WORK INSTRUCTION: Pictures in the listing should not be copied. Reproduce, word for word, each line from the one holding "cca 1940 Kaesz" through the final line.

*** Opening of INFORMATION ***

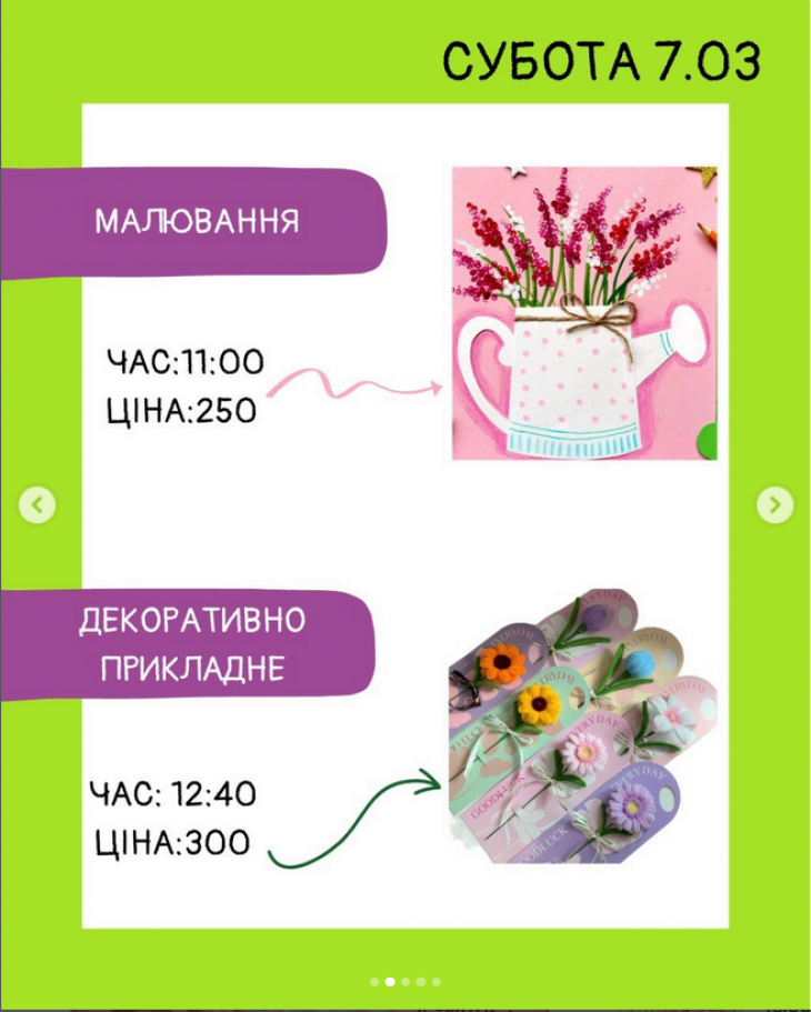 Обирайте зручний день у розкладі та приходьте творити разом з нами.
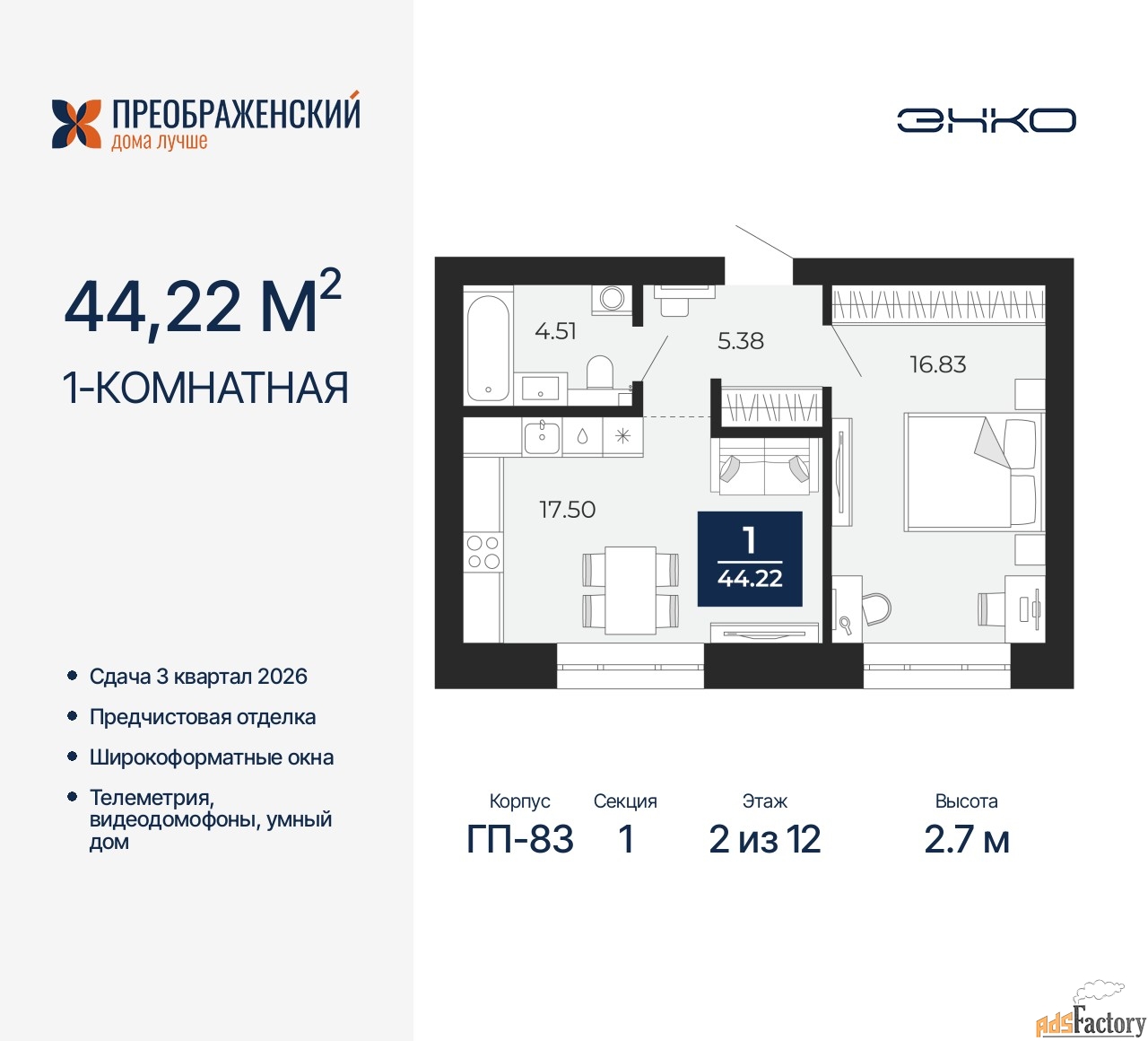 | Высота потолков (м.) | 2.7 |
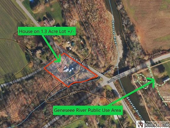 Welcome to 4777 Back River Road! As the address indicates, it sits within a stones throw away from the recreational waters of the Genesee River ( public launch area is just over the bridge). This 2 bed 1 bath home sits on a 1.3 Acre lot up out of the 100 and 500 year flood zones, and is located in a country setting within the Genesee Valley School district. It is 1311 sq. ft. in size, and has updated vinyl siding and metal roofing. There’s a full basement with an additional finished room that’s currently being used for crafting etc. It could be transformed into a home office/gaming space or even an extra bedroom. The ground floor is covered mostly in hardwood flooring and vinyl. It has a farmhouse type kitchen, formal dining room, full bathroom, and living room with a supplemental fireplace. The primary heat source is natural gas forced air. Upstairs are the two bedrooms with nice sized closets. The detached garage is adequately sized with electric and an overhead door. Its cinderblock walls and concrete slab construction provide an extra workshop area and protection from the elements. There is also a 12x21’ carport off the back of the garage for more storage. Perfect starter home!
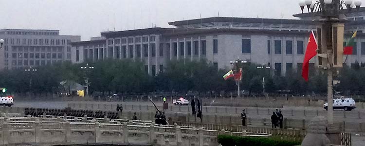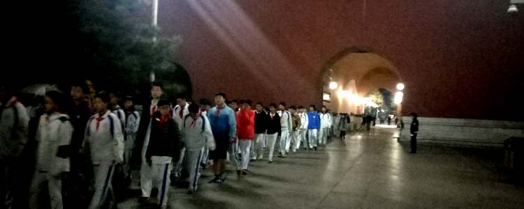 凌晨2∶50,全体师生在附中集合,乘坐大巴车前往天安门广场。凌晨3∶40到达目的地,稍事修整后,各班学生在随班老师和现场工作人员的指挥下秩序井然的通过安检,登上观礼台,静候升旗仪式的开始。
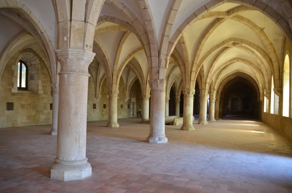 Le dortoir (ci-dessous) est l'un des plus anciens espaces du monastère. On remarque immédiatement la grande longitude (67 mètres) de ses nefs qui insiste sur l'austérité de l'idéal cistercien, impression renforcée par des colonnes basses et brutes d'où sortent les voûtes. La Salle du Chapitre servait quant à elle aux moines pour discuter des sujets de la communauté et pour administrer le monastère. C'est là que se déroulait quotidiennement la lecture du chapitre de la loi. Les postulants y postulaient leurs vœux et on y entendait les moines en confession. Une décision de 1180 imposa l'inhumation de tous les abbés dans cette pièce (deuxième photo).
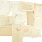 cca 1940 Kaesz Gyula (1897-1967): Lakás komplett bútorzatának terve 12 db eredeti ceruzás tervrajz, 35×30 cm-ig
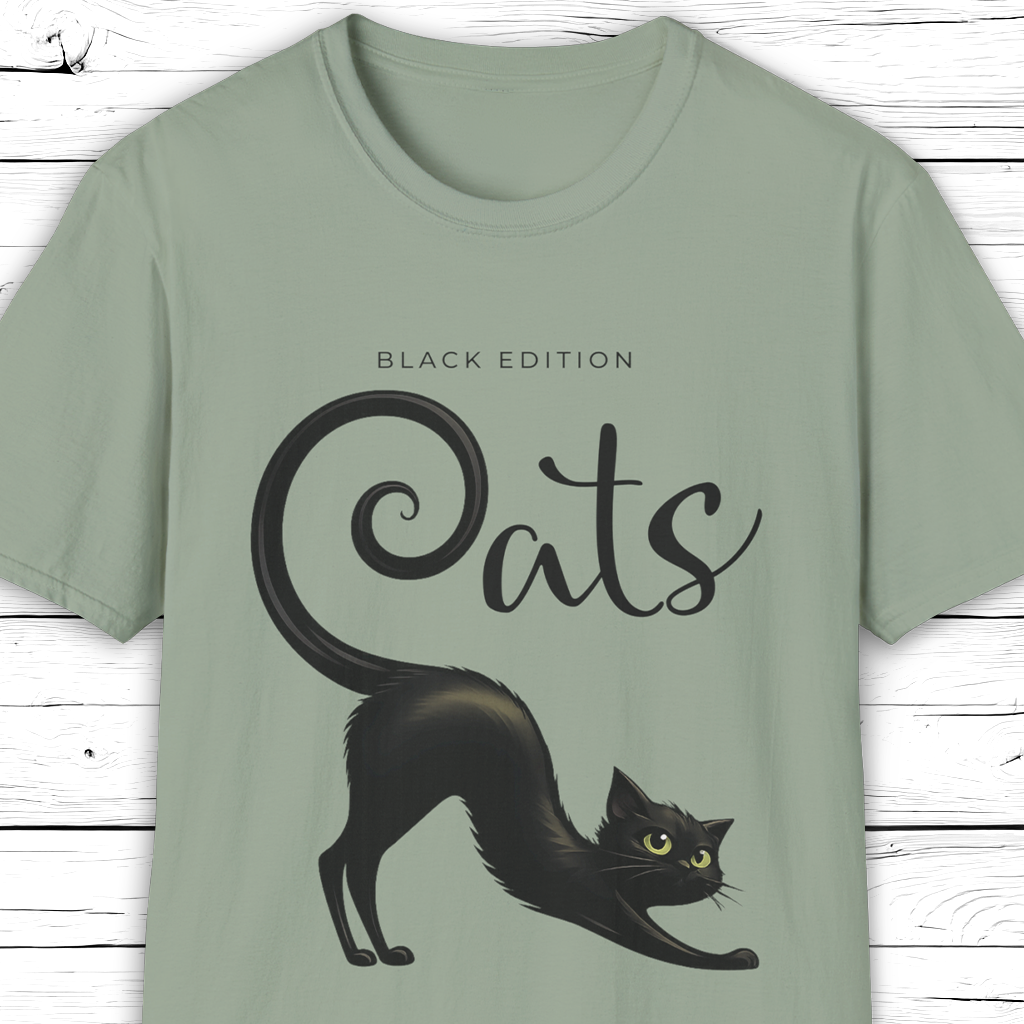 Black Cat - Black Edition features a sleek black cat in a dramatic stretch, with that signature curled tail and clean typography. Minimal, bold, and a little bit moody — made for black cat lovers, who love a sleek, moody cat design.
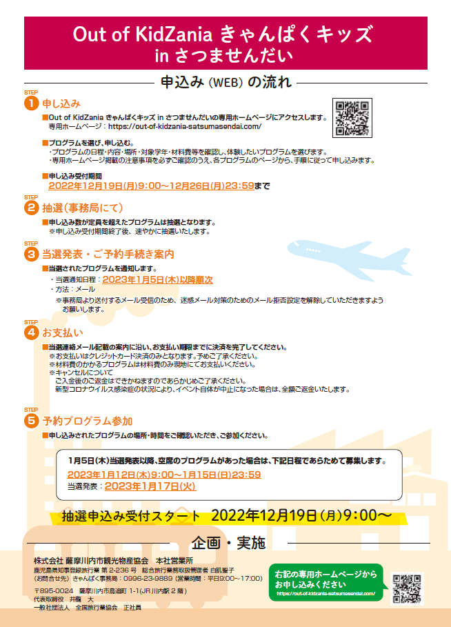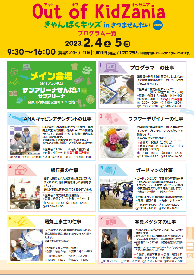 参加方法:専用サイト https://out-of-kidzania-satsumasendai.com/ より事前予約

*** Close of INFORMATION ***

ANSWER TO THIS EXERCISE:
 cca 1940 Kaesz Gyula (1897-1967): Lakás komplett bútorzatának terve 12 db eredeti ceruzás tervrajz, 35×30 cm-ig
 Black Cat - Black Edition features a sleek black cat in a dramatic stretch, with that signature curled tail and clean typography. Minimal, bold, and a little bit moody — made for black cat lovers, who love a sleek, moody cat design.
 参加方法:専用サイト https://out-of-kidzania-satsumasendai.com/ より事前予約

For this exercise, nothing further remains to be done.